Researchers from Northeastern University with collaborators from Oak Ridge National Laboratory, examined the impacts of sustained climate warming and land use and land cover changes (LULCC) on the terrestrial carbon cycle extremes following the Representative Concentration Pathway 8.5 (RCP8.5) and its extension to the year 2300, in an Earth system model simulation. Increasing climate extremes due to fossil fuel emissions have a net negative impact on carbon uptake during extremes. Despite a reduction of total GPP due to LULCC, the increased interannual variability (IAV) in GPP as a result of the altered biogeochemical and biogeophysical impact causes an intensification of carbon cycle extremes.
Our analysis suggests that sustained multi-century climate warming could cause the growth rate in the magnitude of negative carbon extremes to grow faster (1.8×) than positive extremes. We estimate that the LULCC will further cause large losses (−10%) during extremes. With climate change, the number of extremes driven by temperature and fire is expected to increase, though precipitation declines are likely to be the dominant trigger for GPP extremes, while reduced soil moisture leads to persistent extremes.

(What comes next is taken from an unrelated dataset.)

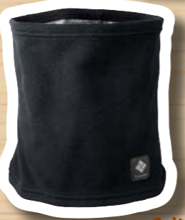
Thermarator Neck Gaiter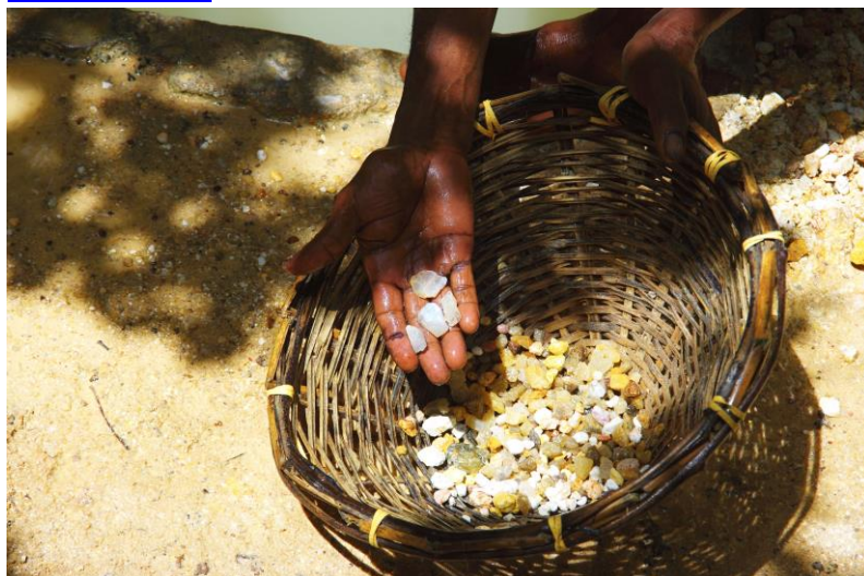
Výsledek – měsíční kámen

Carbon dioxide fertilization, improved water use efficiency, and longer growing seasons cause GPP to increase globally. Global warming will cause increasing climate extremes and increasing IAV of GPP. We found that the negative extremes in GPP, which are associated with higher losses in carbon uptake than expected, increase at a higher rate than positive GPP extremes; and this rate rises with LULCC forcing. The most dominant climate driver causing GPP extremes is soil moisture anomalies, which are triggered by extremes in precipitation and temperature. The lagged responses of climate drivers on GPP extremes vary with specific drivers and spatial location. Half of all negative GPP extremes are driven by the compound effect of water, temperature, and fire drivers.